Il divieto degli aiuti di Stato alle imprese, con la prospettiva della creazione di un mercato libero e aperto, è stato e rimane uno dei capisaldi nella dinamica dell’Unione europea. Ma non ci può essere regola senza eccezioni. E infatti con il Covid 19 anche l’Europa ha abbassato la guardia: “Gli aiuti – afferma un documento della Commissione - devono essere orientati a una crescita sostenibile a lungo termine, e in particolare ad un futuro più verde e digitale e possono essere concessi in diverse forme: sovvenzioni a fondo perduto, agevolazioni fiscali o differimenti, tassi di interesse agevolati sui prestiti o garanzie finanziarie”.
E di fronte ai massicci interventi finanziari degli Stati Uniti per proteggere e rilanciare le proprie imprese l’Europa non può stare a guardare anche perché potrebbe avere la stessa potenza di fuoco finanziaria.
Per l’Europa decisiva una strategia unitaria
Su questo fronte il problema principale del Vecchio continente è quello di avere il coraggio di marciare unito riportando ad unità le vie nazionali, peraltro già intraprese da Germania e Francia con i loro piani di sostegno alle imprese. La strada tracciata dal Next Generation Ue è un esempio concreto. I fondi comuni già presenti, come il Mes, costituiscono un’altra prova di visione unitaria (e per questo l’Italia dovrebbe unirsi a tutti gli altri paesi al più presto abbandonando i vincoli ideologici e i pregiudizi sovranisti).

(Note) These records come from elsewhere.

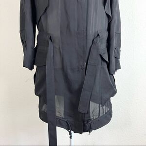 ALC Black Silk Sheer Long Sleeve Hood Full Zip Hobo Lagenlook Utility Jacket
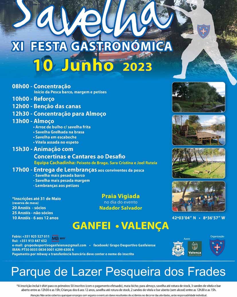 A XI Festa Gastronómica da Savelha realiza-se este sábado, 10 de junho, na Pesqueira dos Frades, em Ganfei. Arroz de bulho com Savelha frita, Savelha grelhada na brasa, Savelha em escabeche e Vitela assada no espeto compõem a oferta gastronómica deste evento.
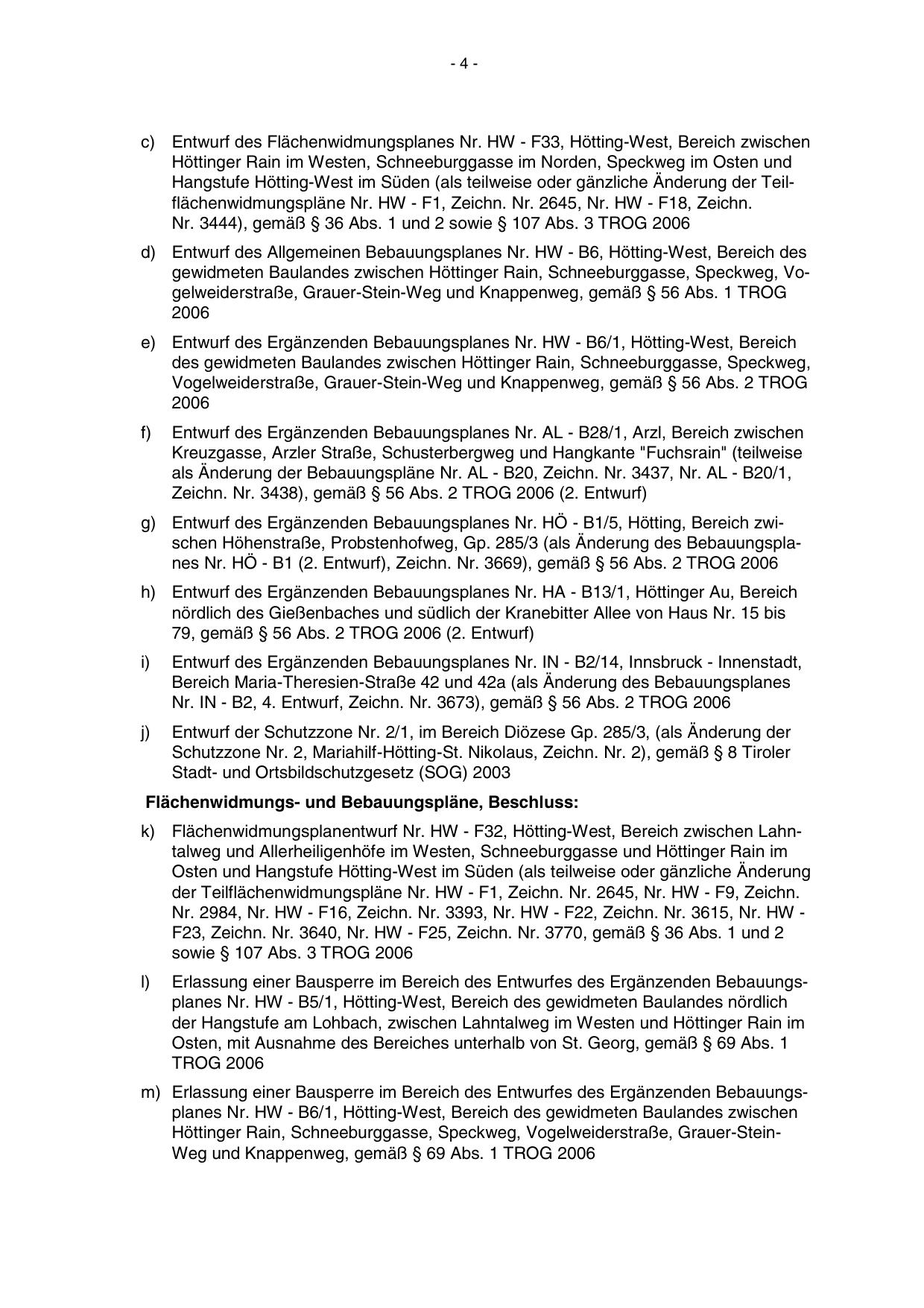 Höttinger Rain, Schneeburggasse, Speckweg, Vogelweiderstraße, Grauer-SteinWeg und Knappenweg, gemäß § 69 Abs. 1 TROG 2006
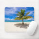 Dieses Foto kennzeichnet eine Palme, die allein auf einem weißen sandigen Strand stehend ist.
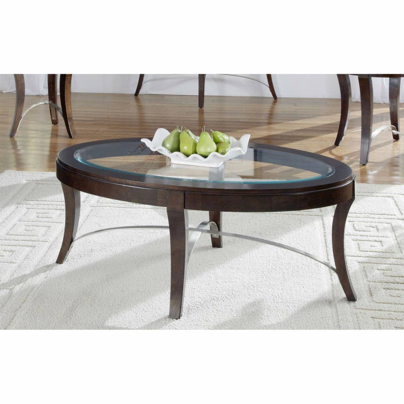 With a wood-framed glass tabletop, the Avalon Oval Coffee Table β Dark Truffle brings elegance and light to your living room seating area. The contemporary curved legs intersect with eye-catching nickel-plated stretchers to create a chic, modern look sure to update your space. The poplar and pine construction is highly sturdy, and the dark truffle finish lends a touch of elegance to your home.
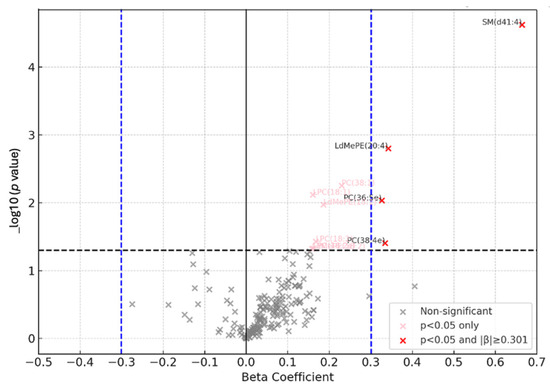 Volcano plot depicted the linear regression results (where plasma Mn was treated as independent variable, Lipid, as dependent variable, and Age as a covariate in the model) comparing lipids between the manganese-exposed group and controls controlling for age. Each point represents a metabolite, with the X-axis indicating the beta coefficient (the strength and directionality of change in metabolite level), and the Y-axis showing the p value. The thresholds for beta coefficient representing a 2-fold change (β = 0.301), and p < 0.05.
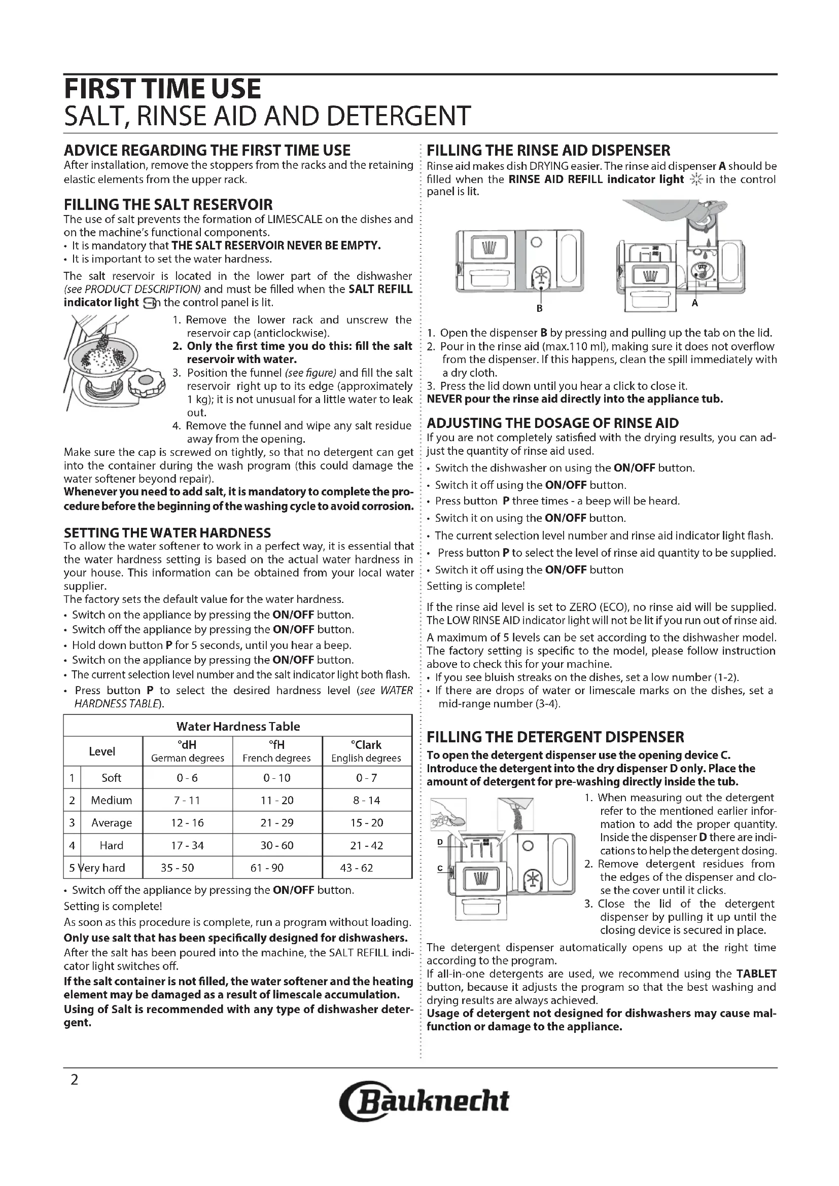 - Press button P to select the desired hardness level (see WATER HARDNESS TABLE).• Switch o the appliance by pressing the ON/OFF button.Setting is complete!As soon as this procedure is complete, run a program without loading.Only use salt that has been specically designed for dishwashers.After the salt has been poured into the machine, the SALT REFILL indi-cator light switches o.If the salt container is not lled, the water softener and the heating element may be damaged as a result of limescale accumulation.Using of Salt is recommended with any type of dishwasher deter-gent. Water Hardness Table Level °dH German degrees °fH French degrees°Clark English degrees 1 Soft 0 - 6 0 - 10 0 - 7 2 Medium 7 - 11 11 - 20 8 - 14 3 Average 12 - 16 21 - 29 15 - 20 4 Hard 17 - 34 30 - 60 21 - 42 5 Very hard 35 - 50 61 - 90 43 - 62
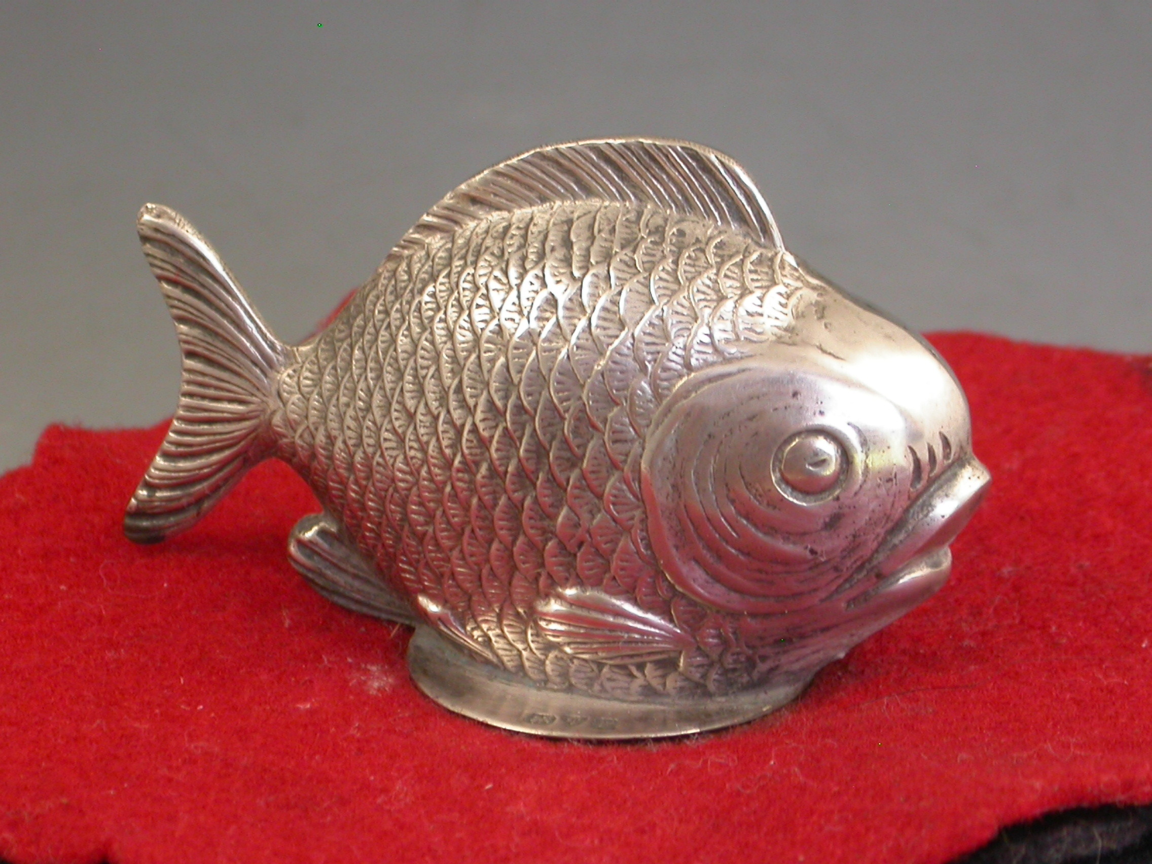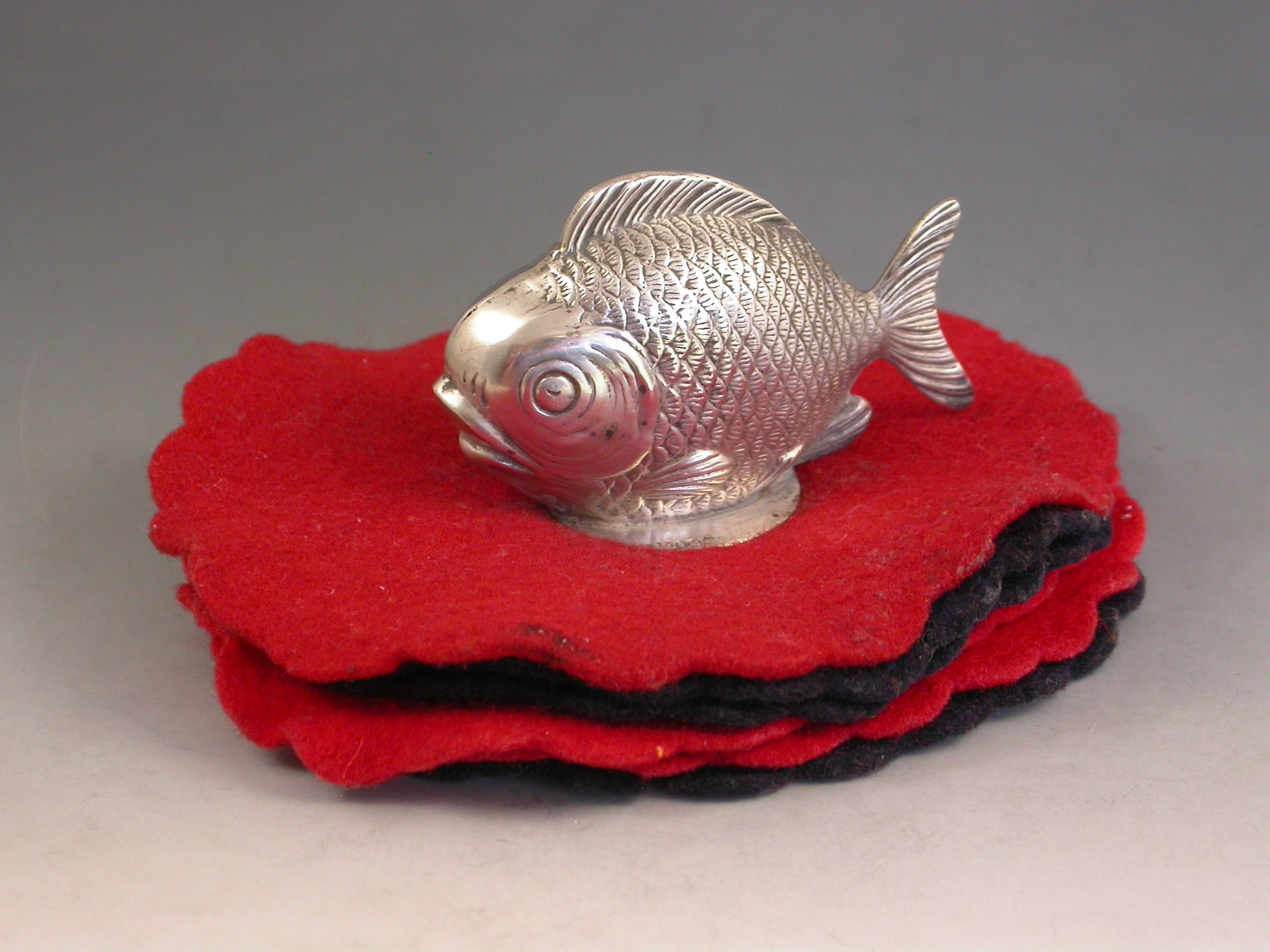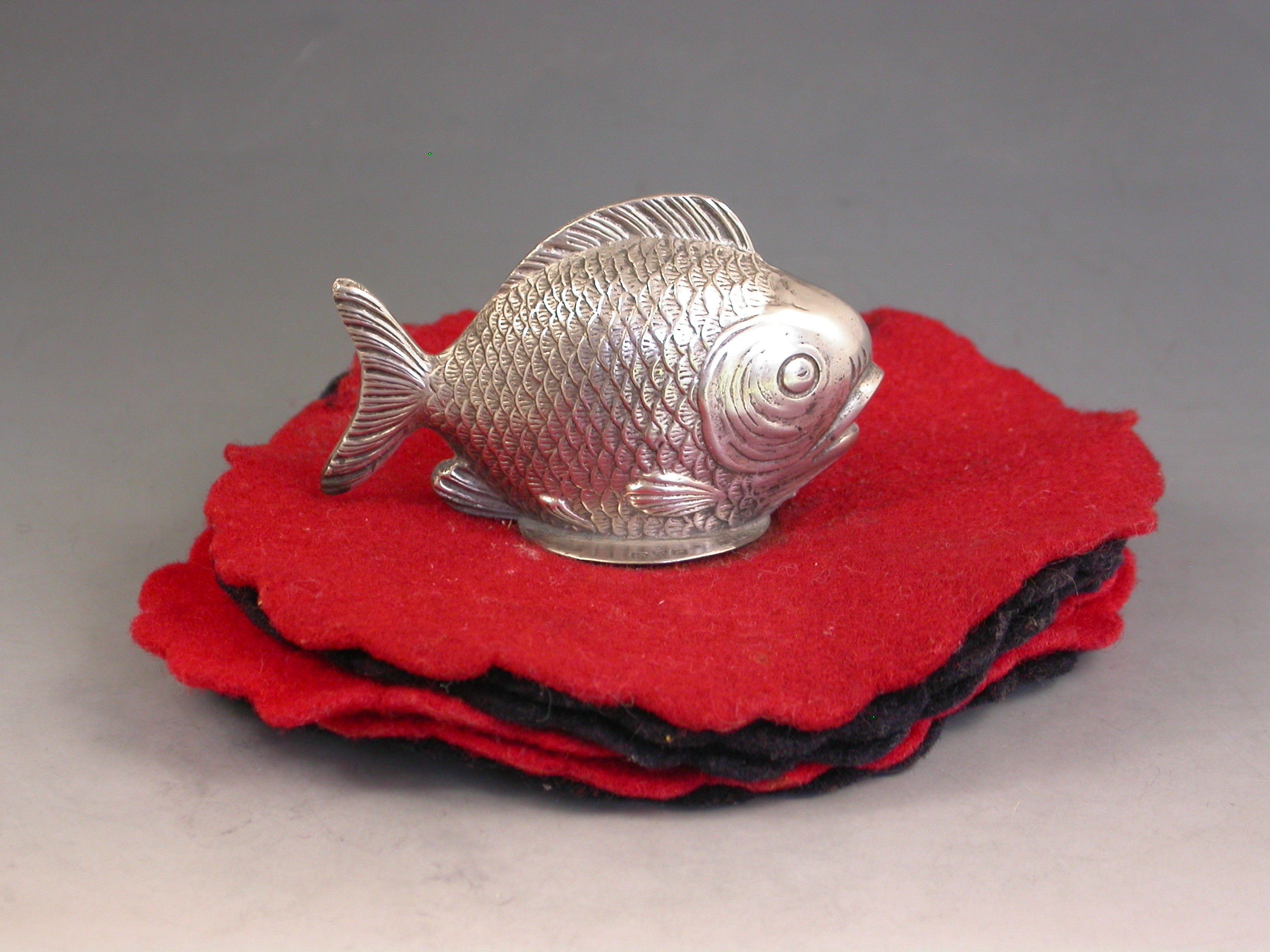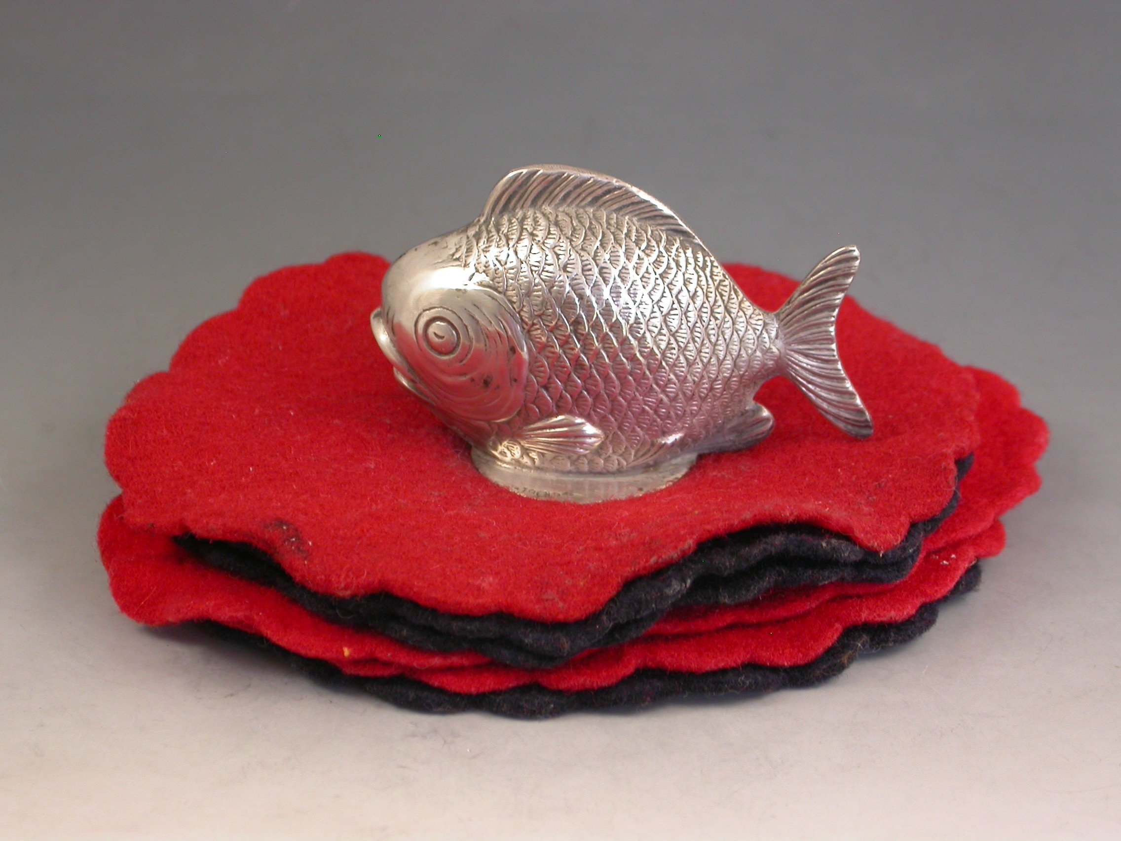 A rare Edwardian novelty silver Pen Wipe mounted with a figure of a Fish, on a multi-layered red and black felt base.

I tempi sono rapidamente cambiati e cambieranno in maniera imprevedibile. “Non aspettiamoci - scriveva Mario Deaglio nella conclusione del rapporto “Il mondo post globale” – soluzioni su misura ai nostri problemi dai pensatori e dalle scuola di pensiero del passato”.
C’è un mondo da salvaguardare e un’economia da difendere e rilanciare. I mezzi (anche finanziari) ci sono. La forza dell’Europa deve manifestarsi ancora di più in questi momenti difficili.